Work request
From the line that contains "2 / 20Al llegar" to the final line of the records below, print each line exactly and leave every picture out.

[Records for the task — start]

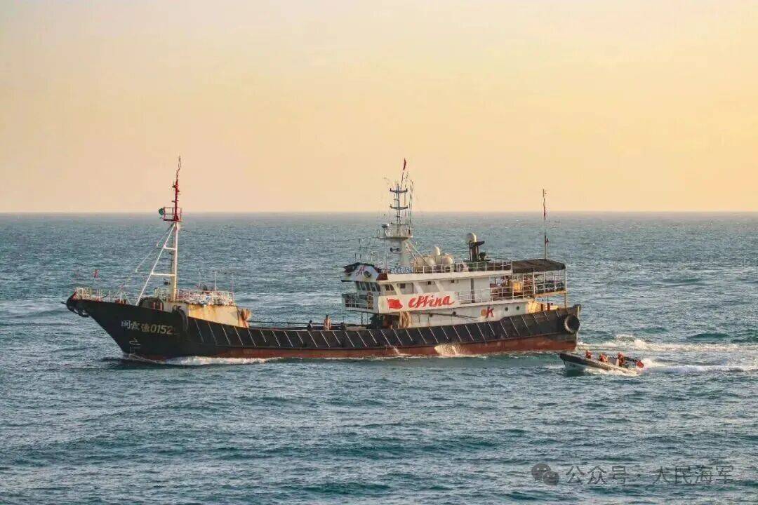 小艇靠近渔船
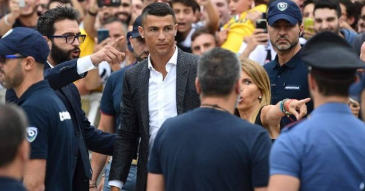 2 / 20Al llegar a la sede de la 'Juve' el lunes para someterse al reconocimiento médico, Cristiano, rodeado por miembros de seguridad, fue recibido por centenares de 'tifosi' . -
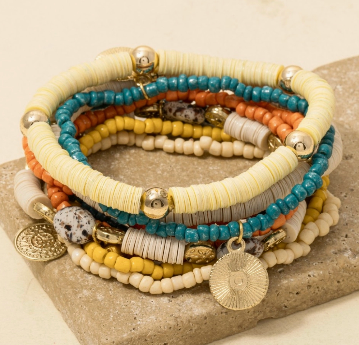 Embrace the beauty of the season with the Stones Of Fall Bracelet Set. This thoughtfully curated stack combines warm, earthy tones to add depth and style to any outfit. Designed for comfortable layering, these bracelets bring a cozy, elegant touch that effortlessly enhances your look from day to night.
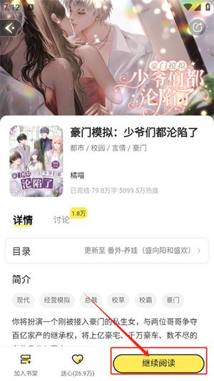 2、之后我们选择自己感兴趣的书本,点击下方黄色按钮【继续阅读】,如下图所示;
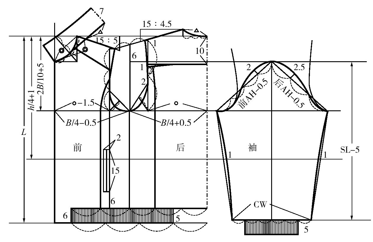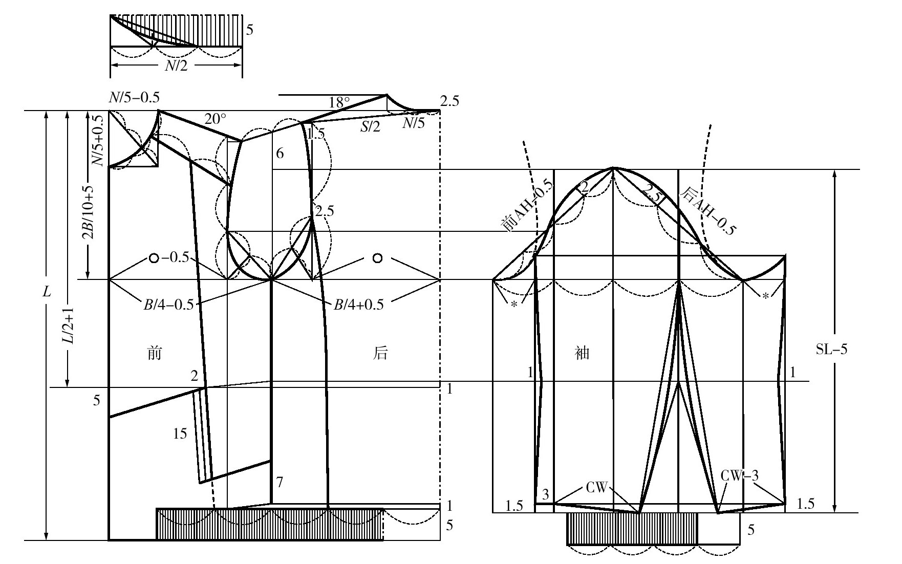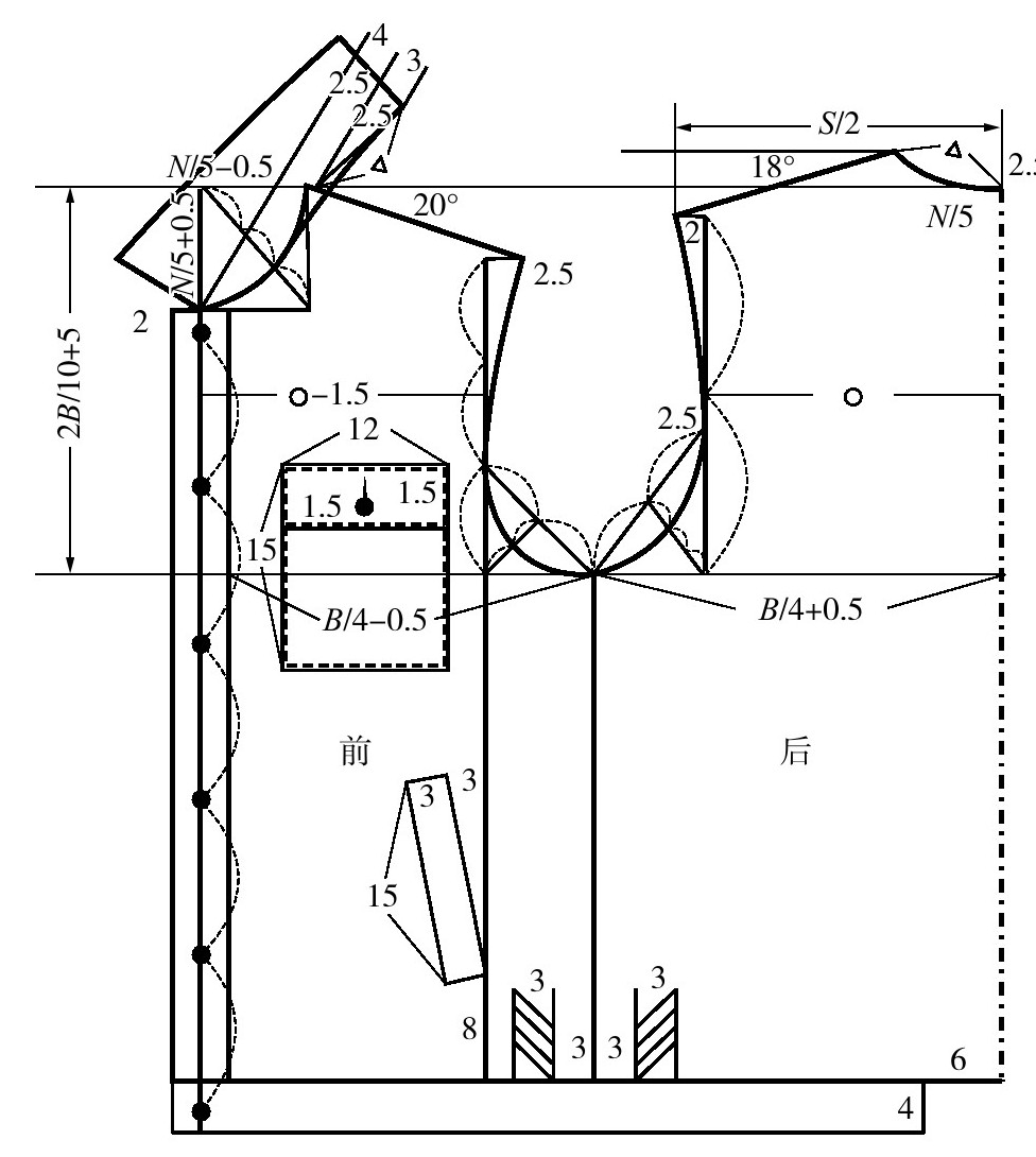 (4)后背宽为S/2-1.5cm,前胸宽为后背宽-1.5cm。

[Records for the task — finish]

Result for this exercise
 2 / 20Al llegar a la sede de la 'Juve' el lunes para someterse al reconocimiento médico, Cristiano, rodeado por miembros de seguridad, fue recibido por centenares de 'tifosi' . -
 Embrace the beauty of the season with the Stones Of Fall Bracelet Set. This thoughtfully curated stack combines warm, earthy tones to add depth and style to any outfit. Designed for comfortable layering, these bracelets bring a cozy, elegant touch that effortlessly enhances your look from day to night.
 2、之后我们选择自己感兴趣的书本,点击下方黄色按钮【继续阅读】,如下图所示;
 (4)后背宽为S/2-1.5cm,前胸宽为后背宽-1.5cm。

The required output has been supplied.